Wie es Bilo zutreffend beschreibt. Auch ich beobachte die Lage mit Besorgnis, aber nicht mit den Augen der Angst. Wir benötigen tragfähige und nachhaltige Lösungen, die viele Interessen berücksichtigen muss. Damit meine ich die Interessen der Gastgeber und die Interessen der Gäste. Auf den Weg dahin werden wir wohl gesamtgesellschaftlich und über unsere Grenzen hinaus viele schwierige Diskussionen führen müssen, um auf einen gemeinsamen Nenner zu kommen.
Aber das ist noch lange kein Grund, Vorverurteilungen, Fremdenhass und Generalisierungen dazu zu verwenden, gegen die Situation -für die alle nichts können- eine derartige Stimmung zu Lasten von Menschen in Not zu machen.
Es gilt, zunächst eine humanitäre Katastrophen abzuwenden; im Anschluß geht es um interessenausgleichende Lösungen.
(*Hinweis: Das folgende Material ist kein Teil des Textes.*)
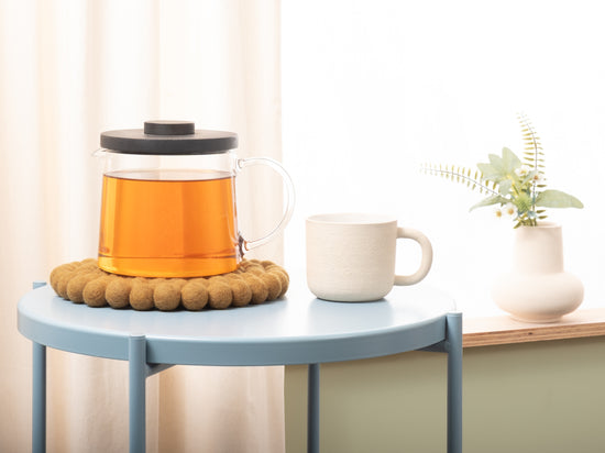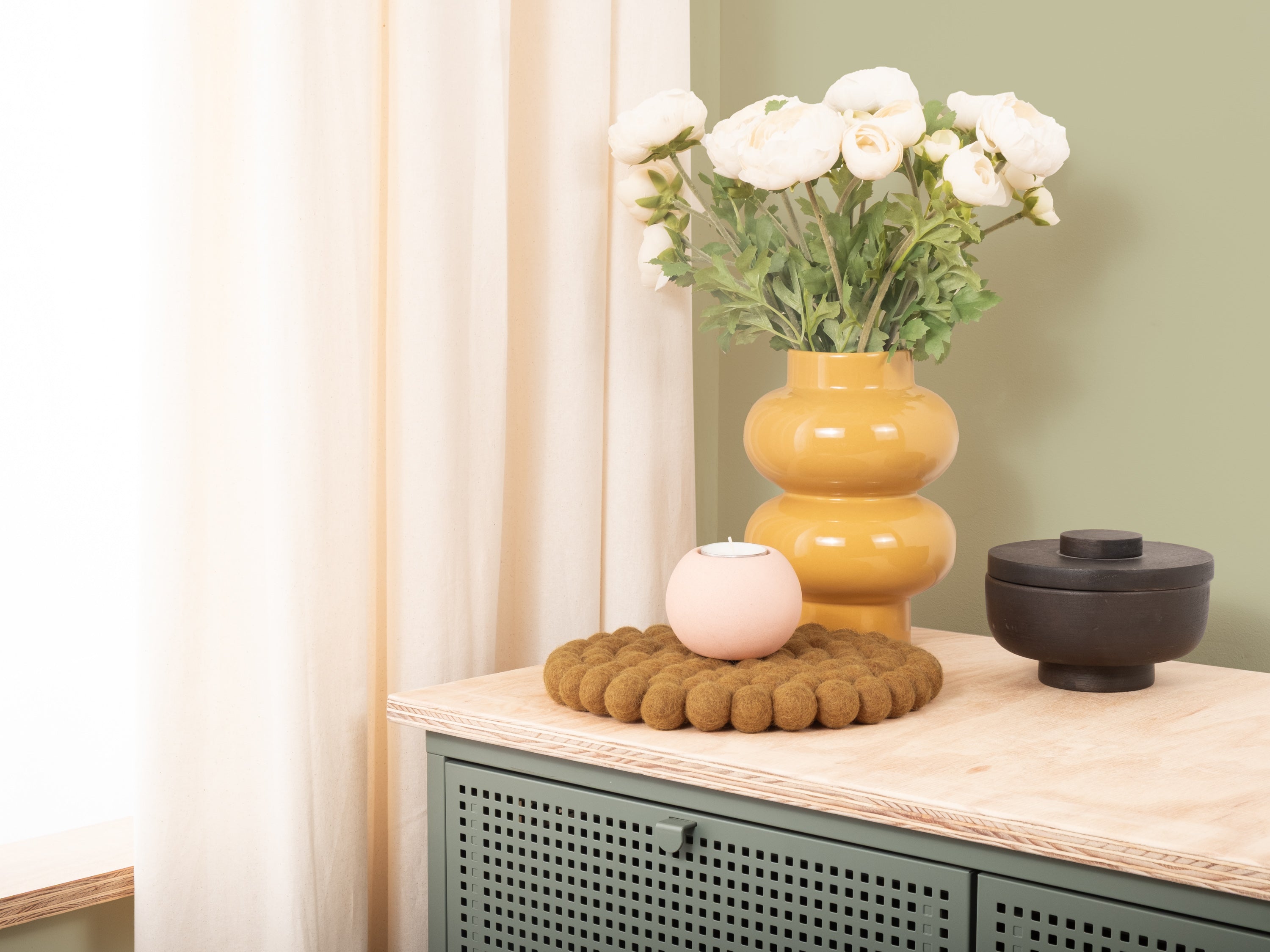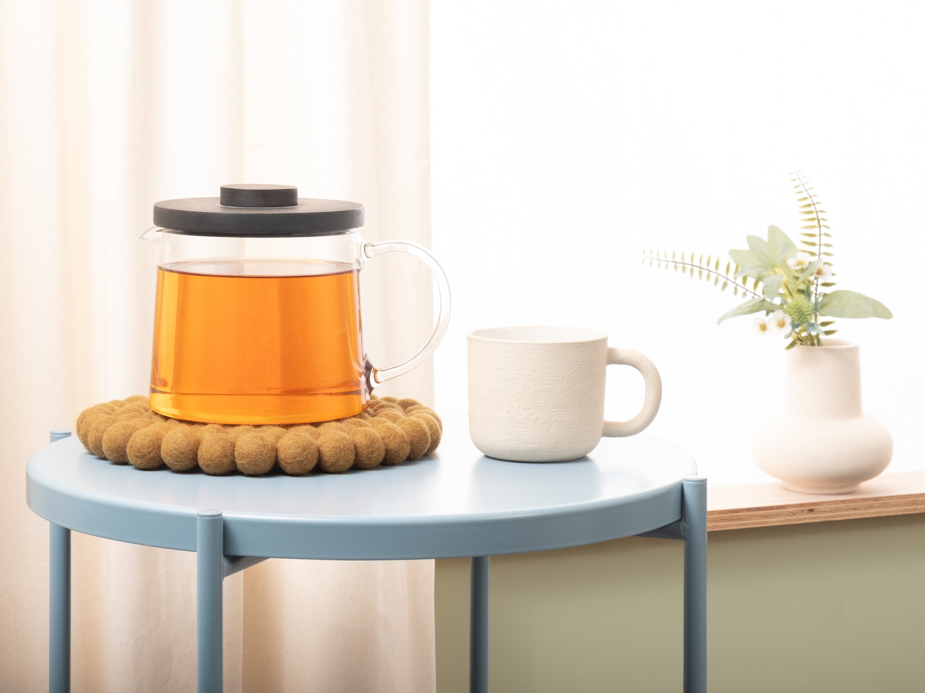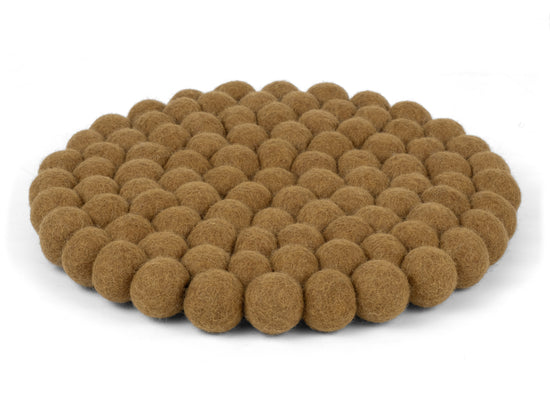Round, caramel-coloured trivet made of pure new wool | myfelt
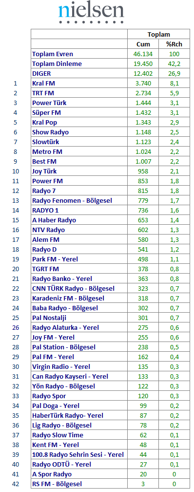 RİAK & ve Nielsen ortaklığıyla her ay düzenli yapılan araştırma sonucu ortaya çıkan sonuç aşağıdadır.
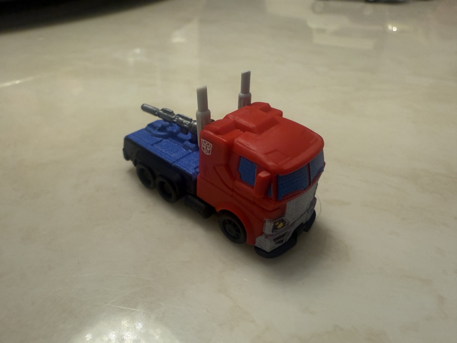 The toys are quite detailed though, amd have more paint and parts than the toys found in Kinder Eggs. Below are images of Optimus in both his robot and alt mode as well as Megatron’s tank mode. There is also an image of the entire assortment with a golden Bumblebee as the chase model. A hot wheels car is added to an image for scale. There is also a video review.
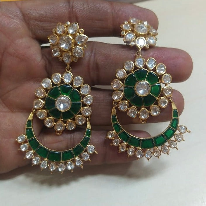 925 Silver Moissanite Polki Queens Chandbalis

TT hat eine breite und gesunde Basis, auch wenn diese gerade in den letzten Jahren stark zurückging und viele deshalb diverse Anregungen unterbreiteten. Dennoch diskutieren hier Menschen aus allen Gesellschaftsschichten in der Regel konstruktiv miteinander. Da bin ich bei Frank. Und damit das so bleibt oder gar (in Anlehnung an das 'Früher') wieder quantitativ anzieht, müssen wir uns alle an Spielregeln halten, die gesamtgesellschaftlich ohne Bedenken als gut akzeptiert werden.